28 avril 2026

La liberté d’expression menacée au Mali : le procès de Moussa Mara

Le Mali, et plus précisément sa capitale Bamako, a été le théâtre d’un événement judiciaire significatif ce mardi, marquant un tournant pour la liberté d’expression dans le pays. L’ancien Premier ministre, Moussa Mara, s’est vu refuser sa demande de mise en liberté provisoire par les juges, tandis que le parquet requérait une peine de deux ans d’emprisonnement. Cette décision symbolise la répression croissante exercée par la junte militaire malienne contre l’opposition politique et toute forme de dissidence.

Moussa Mara, qui a dirigé le gouvernement malien entre 2014 et 2015, a été interpellé le 1er août. Son arrestation fait suite à une publication sur les réseaux sociaux, dans laquelle il exprimait sa solidarité avec des prisonniers politiques et promettait de défendre leurs droits. Cette prise de position lui a valu d’être accusé par les autorités de porter atteinte au crédit de l’État, d’opposition à l’autorité légitime, d’incitation au trouble à l’ordre public et de diffusion de fausses nouvelles. Le procès, qui s’est ouvert le 29 septembre devant un tribunal spécialisé dans la cybercriminalité, attend son verdict le 27 octobre, soulevant de vives inquiétudes quant à son équité.

Les chefs d’accusation semblent manifestement bafouer le droit fondamental à la liberté d’expression. Un membre de son équipe de défense a souligné que ces accusations étaient déconnectées du message initial de Moussa Mara sur X. Le bâtonnier Mounkaïla Yayé, également avocat de la défense, a renchéri en affirmant qu’il s’agissait d’un « procès contre le droit à la liberté d’expression », mettant en garde contre un « précédent dangereux » pour le Mali.

Depuis le coup d’État de 2021, la junte militaire, sous la houlette du général Assimi Goïta, a considérablement réduit l’espace dédié à l’opposition politique, à la société civile et aux médias au Mali.
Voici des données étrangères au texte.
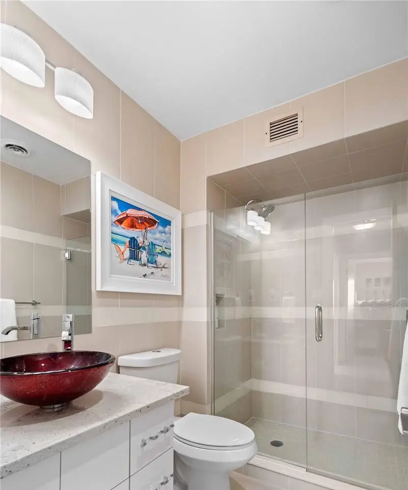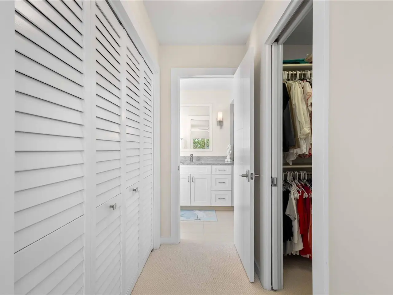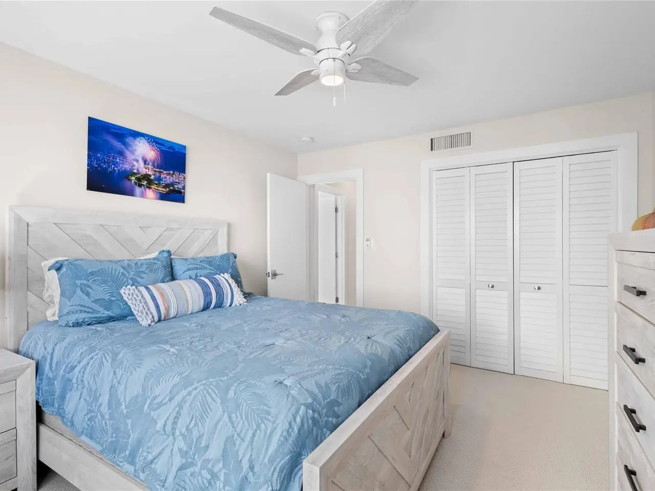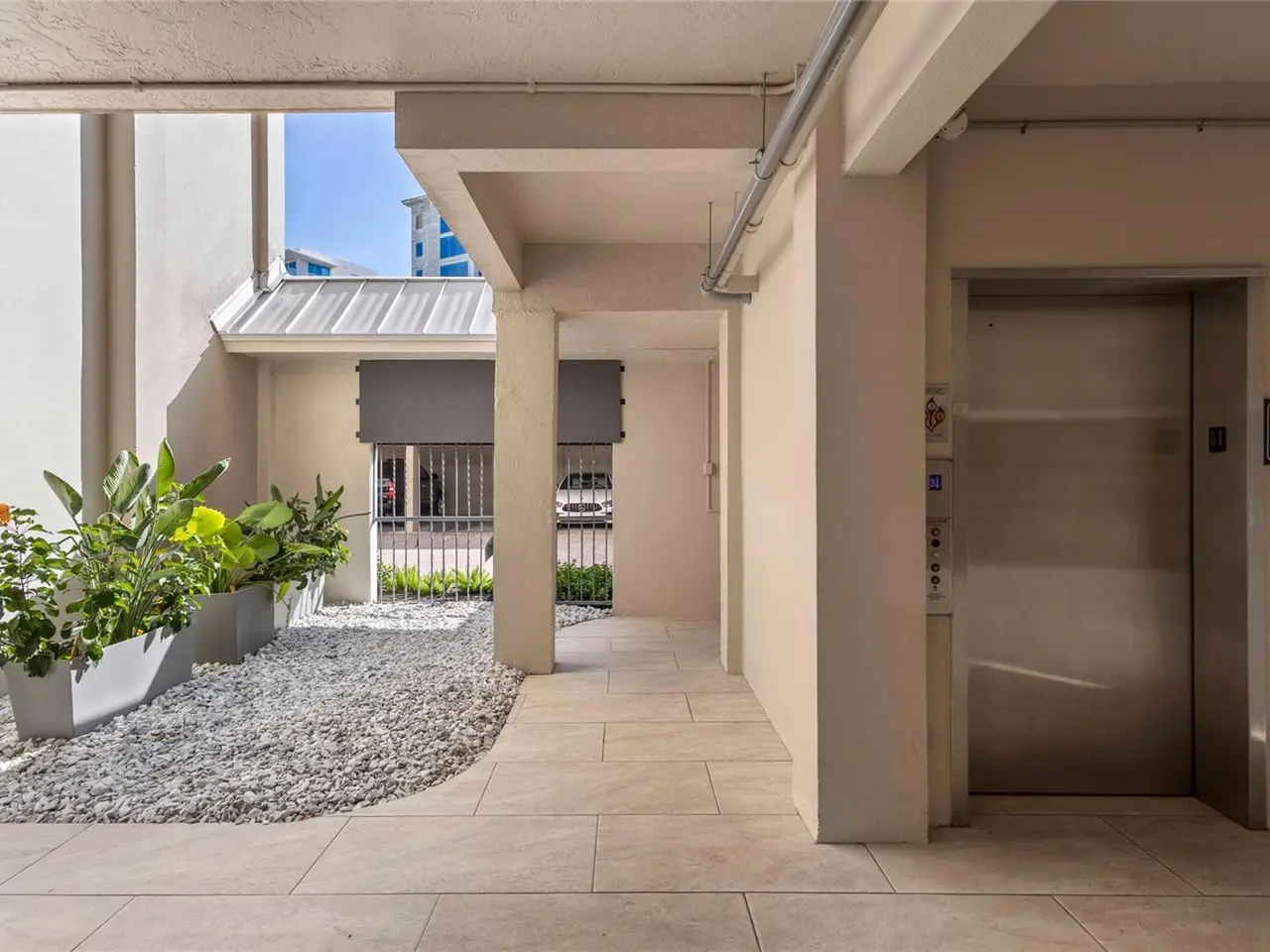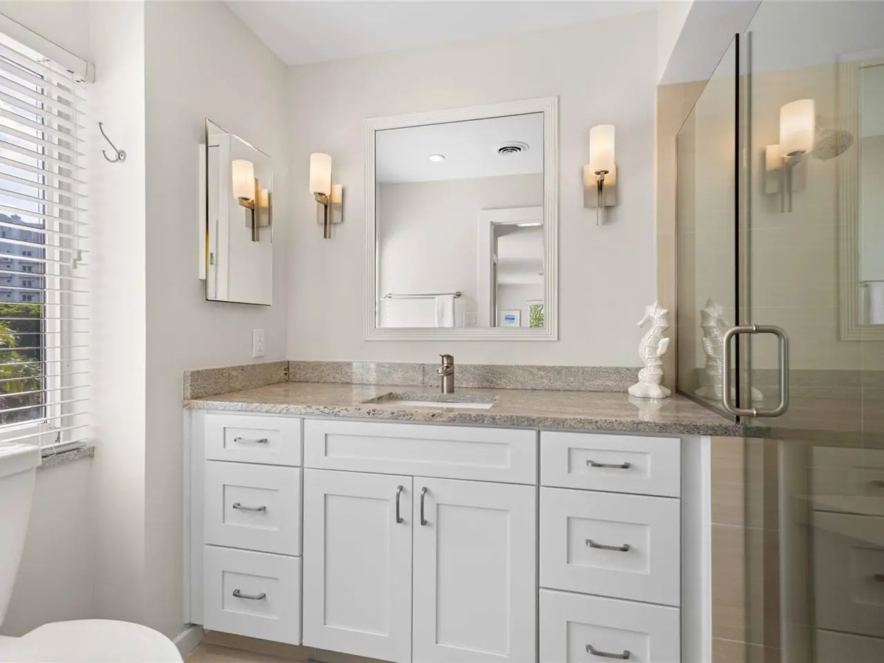 Coastal living at its finest, the panoramic and breathtaking views from this Golden Gate Point residence offer an unparalleled yet attainable opportunity to live the sought-after waterfront lifestyle. This elegantly renovated corner unit boasts walls of impact-rated PGT windows (2024) that perfectly frame sweeping views of Sarasota Bay, Bird Key, and the iconic John Ringling Bridge, offering a front-row seat to jaw-dropping sunsets and endless natural beauty. The open-concept kitchen has been thoughtfully redesigned with a quartz waterfall island, soft-close cabinetry, built-in desk, and a seamless flow into the living and dining areas - ideal for both entertaining and everyday living. The spacious great room enjoys phenomenal north and west-facing vistas, with the unit uniquely set in front of the neighboring building to maximize natural light and privacy. Throughout the residence, you'll find custom interior doors, a neutral color palette, thoughtfully renovated bathrooms, and elevated finishes that reflect refined taste. Both bedrooms feature serene bay vistas, and the expansive 18' x 12' primary suite allows space for a sitting area or workspace plus separate reach-in and walk-in closets in the vestibule leading to the primary bathroom. Storage is abundant, with a large entry closet, full-size hallway closet, a generous 8' x 7' laundry/utility room, and a 6' x 5' private storage room conveniently located just outside the front door. Residents of this boutique community enjoy exceptional amenities, including a heated bayfront pool (34' x 17'), day dock, outdoor shower, and renovated poolside bath. Assigned covered parking and ample guest parking provide convenience. Set on the prestigious Golden Gate Point peninsula with its tree-lined and brick-pavered street, this residence is minutes from downtown Sarasota's dining, arts, and cultural attractions, as well as the shops and restaurants of St. Armands Circle and the world-famous beaches of Lido Key. This is a rare opportunity to live the waterfront lifestyle in one of Sarasota's most exclusive neighborhoods.

Elle a procédé à l’interdiction de tous les partis politiques, et a eu recours à l’intimidation, l’emprisonnement, voire la disparition forcée de journalistes et d’activistes des droits humains. Le général Goïta a ainsi consolidé son pouvoir, repoussant sans cesse le retour à un régime civil démocratique.

Par ailleurs, la junte a systématiquement ignoré les appels à la reddition de comptes pour les abus commis, manquant à ses obligations internationales d’enquêter sur les violations graves des droits humains perpétrées par les forces de sécurité et d’en poursuivre les responsables. En janvier, le Mali, en compagnie du Burkina Faso et du Niger, s’est officiellement retiré de la Communauté économique des États de l’Afrique de l’Ouest (CEDEAO), privant ses citoyens d’une voie de recours judiciaire essentielle. En septembre, ces trois nations ont également annoncé leur intention de se retirer du traité de la Cour pénale internationale (CPI), une décision qui menace gravement l’accès à la justice pour les victimes d’atrocités de masse.

L’affaire Moussa Mara illustre une réalité alarmante : même l’expression de solidarité envers les personnes réprimées est désormais proscrite au Mali. Elle révèle l’intolérance grandissante de la junte envers toute forme de dissidence. Il est impératif que les autorités maliennes abandonnent immédiatement toutes les charges pesant sur Moussa Mara, le libèrent, et fassent de même pour tous les autres prisonniers arbitrairement détenus, tout en rétablissant le respect de la liberté d’expression.